I want someone to sit down and make time and space for me to just cry and snot and yell and wonder and NOT to fit it in around errands or whatever. I want that labyrinth walk, I want it privately, with someone else to help catch me if I can't go on.
So yeah I guess I need a firefighter to rescue me from this tower that's burning and that feels weak and girly to me, but for ONCE I don't have all the damn answers and I know I can't do this all by myself but no one else has answers either, no one else has a solution or even time. I want my friends to not be going through their own stuff, their own BIG stuff, which they all are, I want them to all stop what they're doing and hear my heart is fucking broken and I want them to drop everything and come to hold me. But I feel bad asking. I feel *pathetic* asking. I feel pathetic that some of my friends will even read this and think they have to, or they should. I have trouble accepting it. I'm stuck in this. I'm scared of being perceived as weak, or needy. There's someone I know who always has drama, who asks for help constantly and never gives back, who has nothing to give, and she embodies everything I desperately fear people seeing me as... a one way vacuum of energy.

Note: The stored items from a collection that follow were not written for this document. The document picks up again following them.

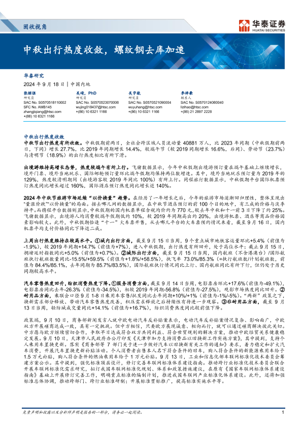 【华泰证券】【20240918】固收视角:中秋出行热度收敛,螺纹钢去库加速-13页
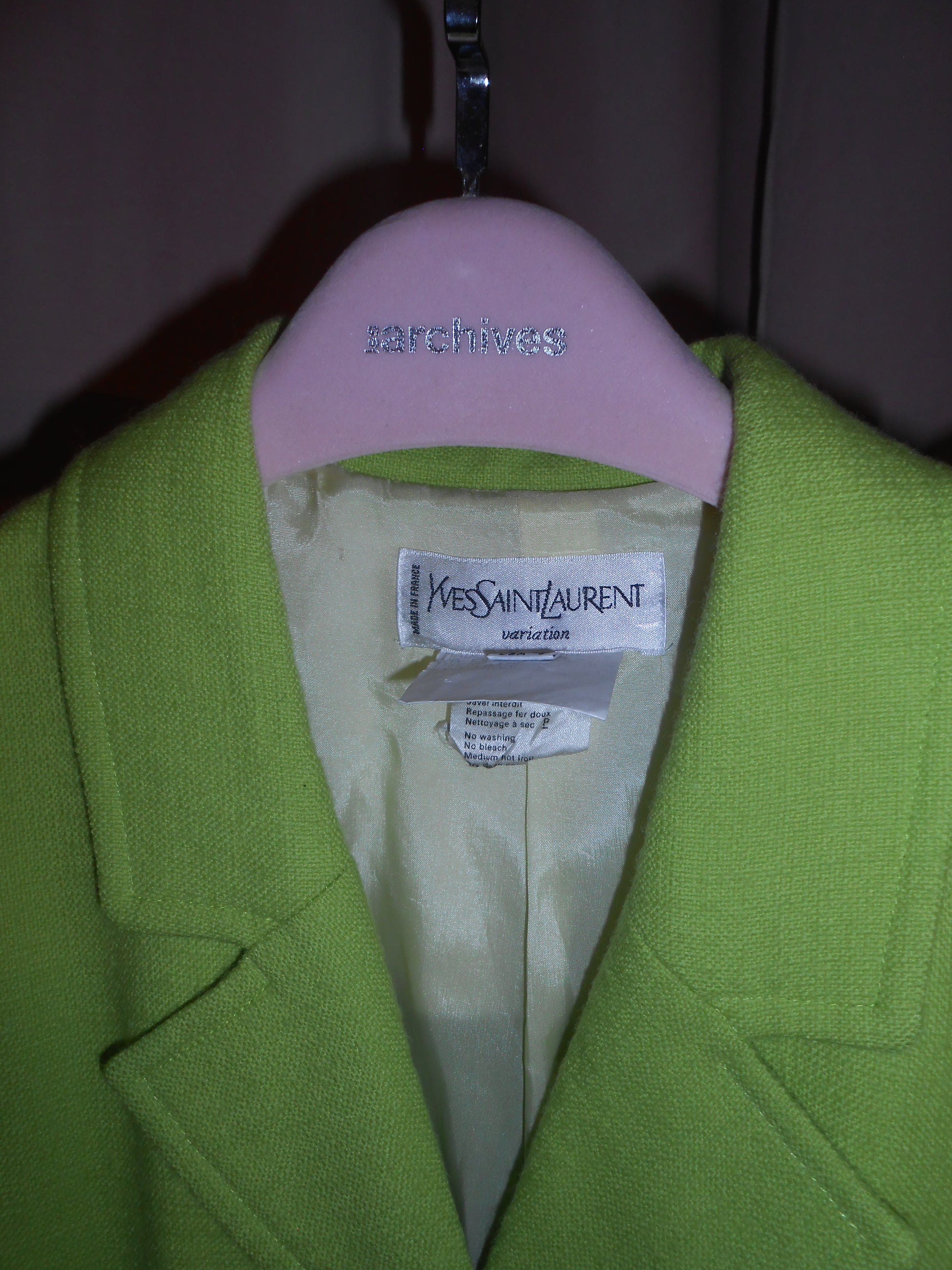 DESCRIPTION : Super fun wool citrus green skirt suit from YSL's SS 1996 collection for their Variation label. The jacket features gorgeous gold & green buttons and front pockets. The matching mini skirt fits high waisted and hits just above the knee.
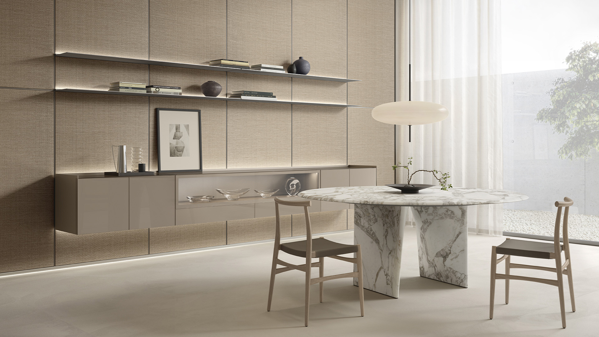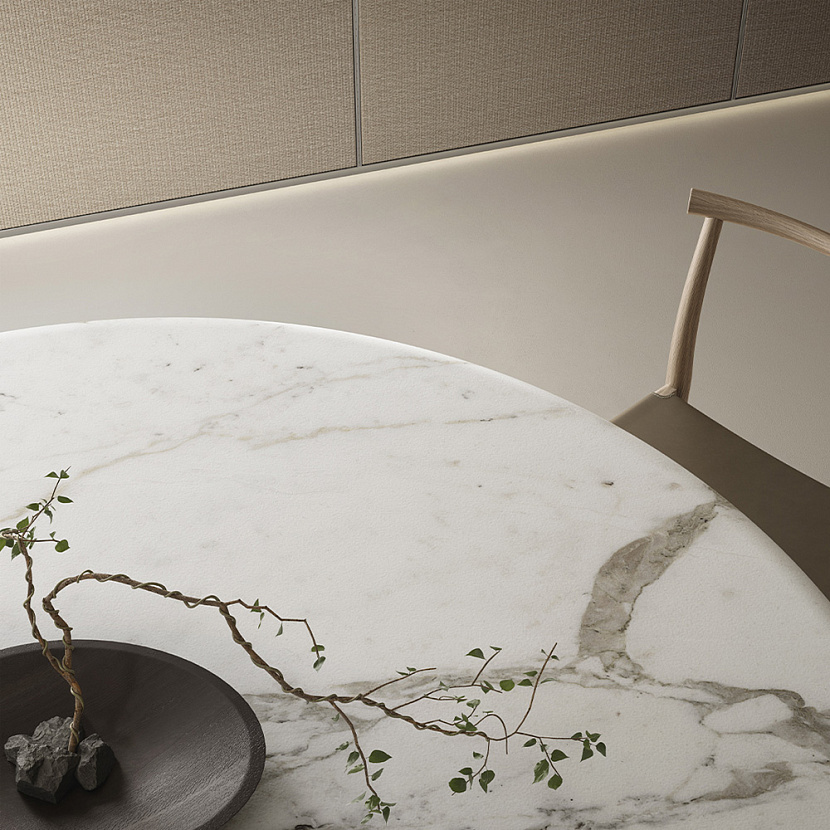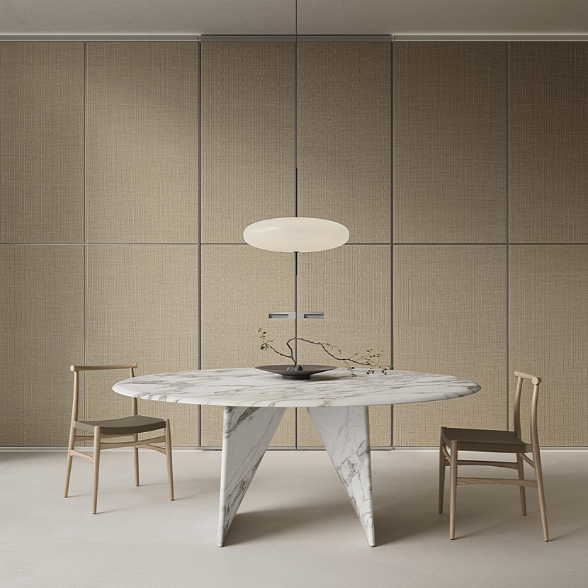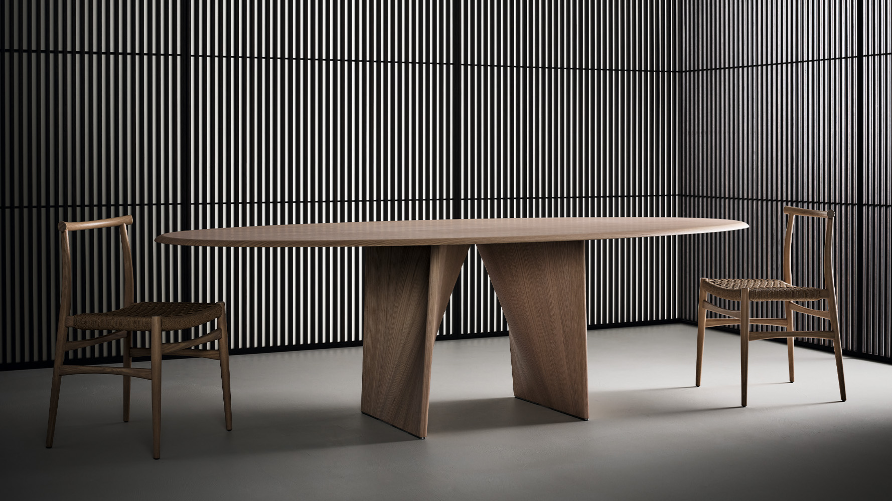 Wabi интегрируется в интерьеры столовых зон и кухонь, где требуется стул с лёгкой деревянной конструкцией и выразительной графикой посадки.
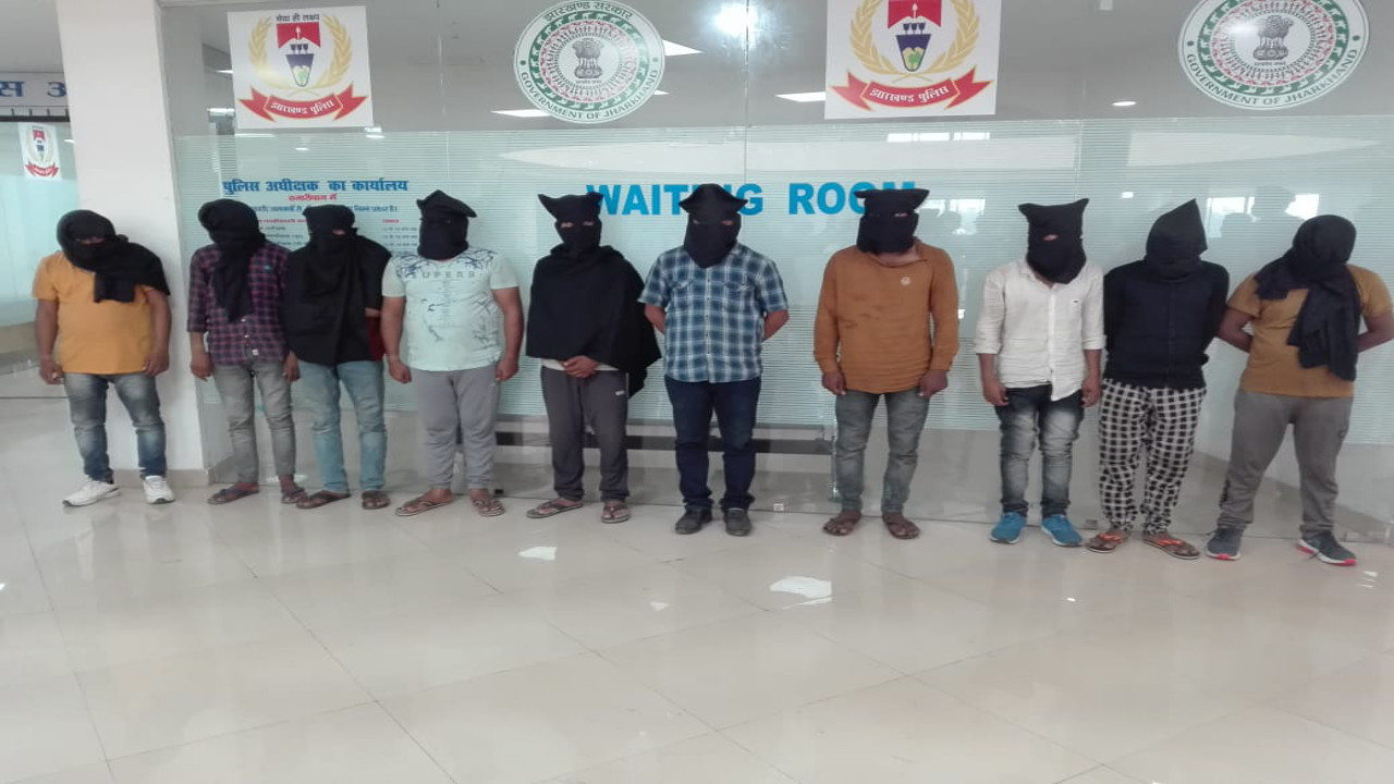 गिरफ्तार आरोपियों में बिहार मुजफ्फरपुर सदर थाना क्षेत्र के सुस्ता गांव के रवींद्र कुमार, मनिहारी थाना क्षेत्र मोहहमदपुर मुबारक के मो मुकीम पिता, बक्सर वीर कुंवर सिंह कॉलोनी के शैलेश मिश्रा, राजपुर थाना क्षेत्र के खानपुर गांव के चंद्रजीत कुमार, नालंदा गिरियक थाना क्षेत्र रेटर गांव के राजेश कुमार, कैमूर भभुआ जिला मोहनियां थाना क्षेत्र के मुबारकपुर के धर्मेंद्र चौधरी, धनबाद जिला मधुवन थाना क्षेत्र के खरखरी गांव के बिटू सोनार, हजारीबाग बरकट्ठा थाना क्षेत्र के कोसना गांव के दीपक कुमार, कोर्रा थाना क्षेत्र के मटवारी मुहल्ला के विशेष कुमार सोनी और रामगढ़ जिला घाटो के रितिक अनुराग हैं.
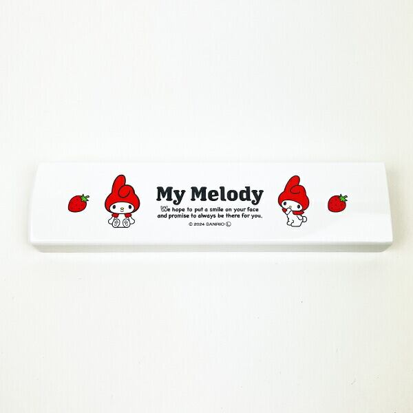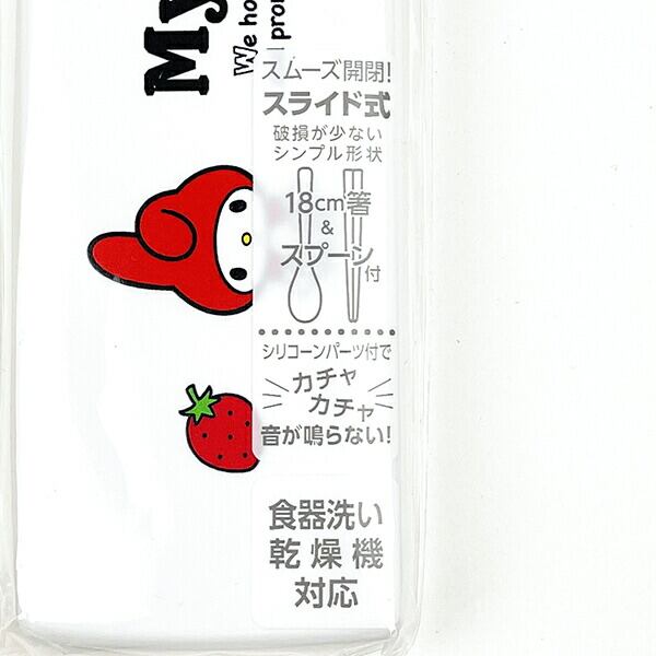 マイメロディの箸+スプーンの引フタコンビセットです。ピンク色の箸とホワイト色のスプーンがセットになっています。スライド式で開閉しやすい!シリコーンパーツ付でカチャカチャ音が鳴らないのが嬉しいポイント☆マイメロちゃんといちごデザインがとてもキュートです♪食洗機使用可◎
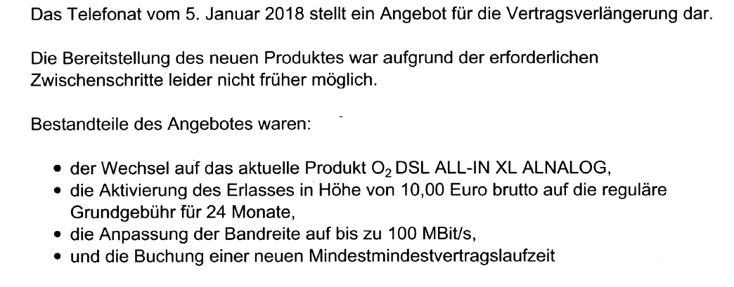 Nach dem Telefonat wurde die Verlängerung mit vereinbarten Konditionen (Erlass auf L) per E-Mail bestätigt. Die Bandbreite wurde leider nicht bestätigt aber das Gespräch wurde aufgezeichnet.
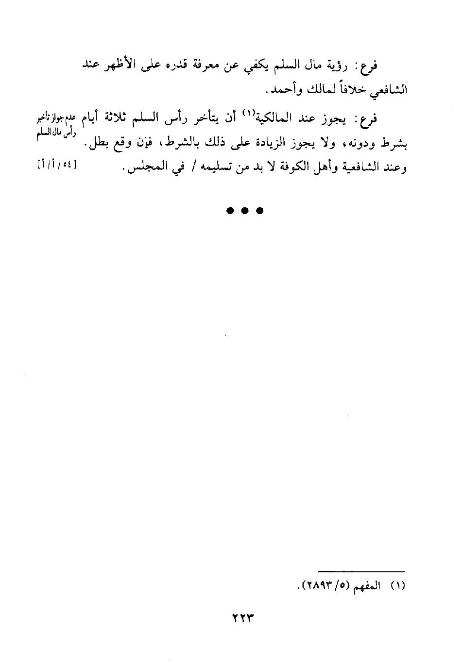 فرع: يجوز عند المالكية (¬1) أن يتأخر رأس السلم ثلاثة أيام بشرط ودونه، ولا يجوز الزيادة على ذلك بالشرط، فإن وقع بطل.
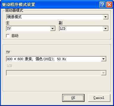调节显卡的控制台:进入“驱动程式模式设置”,将主显示设置为“TV”。如果想让DV和本本的屏幕同时显示图像,只须将“驱动器模式”设置为“镜像模式”,将主显示设置为“TV”,副显示设置为“LCD” (图2)。最后将TV的分辨率设置成“800×600”便可以了。一切搞定以后,这时系统会跳出一个屏幕显示模式转化的提示,选择YES以后便可以同时在DV和本本上面看见电脑画面。

So I think I'm going to go about it my own way, so that it all feels good and I get what I need. I have a plan I just need the time to execute it. It's not complicated. I think it will be really wonderful, and I can wait for it.
I'm hanging on.
My guts
Maybe that's why I'm here, lost in this whirlwind... I keep pulling at my guts, my inner workings, looking for the answer, like I can divine healing in tea leaves. I keep feeling pulled to be up front and loud with every thing in my head but I keep feeling scared... but every day that pull is stronger and I just need to honor it.
Is this the right place? I don't know. I might go somewhere else for a while to get started, start fresh... I don't know. I've revisited this issue time and again as my blog has become public and more public and now family and friends read and I love that, but I think I'm back to being afraid of scaring people with the TRUTH and with my loud self, I'm scared of facing people who've seen that tornado swirling in me and having them not understand. When did that happen??
Maybe I'll just eviscerate myself here, for everyone to dig through my entrails, and fuck anyone who doesn't get it... I don't know yet.
Monday, August 04, 2008
Reconsidering
I'm reconsidering my blog again... I'm unhappy with my self censoring now and how I have to consider all the people who are reading, rather than considering myself. I started this blog years ago to have a place where I could be recklessly honest and I feel that desperate need rising again and I'm just not sure I can do it so publicly, at least not yet.
Still thinking.
It's not that I'm not tired
I'm dragging ASS tired. It's 3am and I can't sleep. I start to sleep and then I start to dream and I dream something that startles me and I wake back up after about 5 minutes. Then it takes me 20 minutes to settle back down because my heart is racing and I keep thinking I hear N, whose nightmares are really stressing me out (not because they're so horrible but because he comes down and wakes me up and sometimes it scares me to have someone standing next to me that I had no idea was there).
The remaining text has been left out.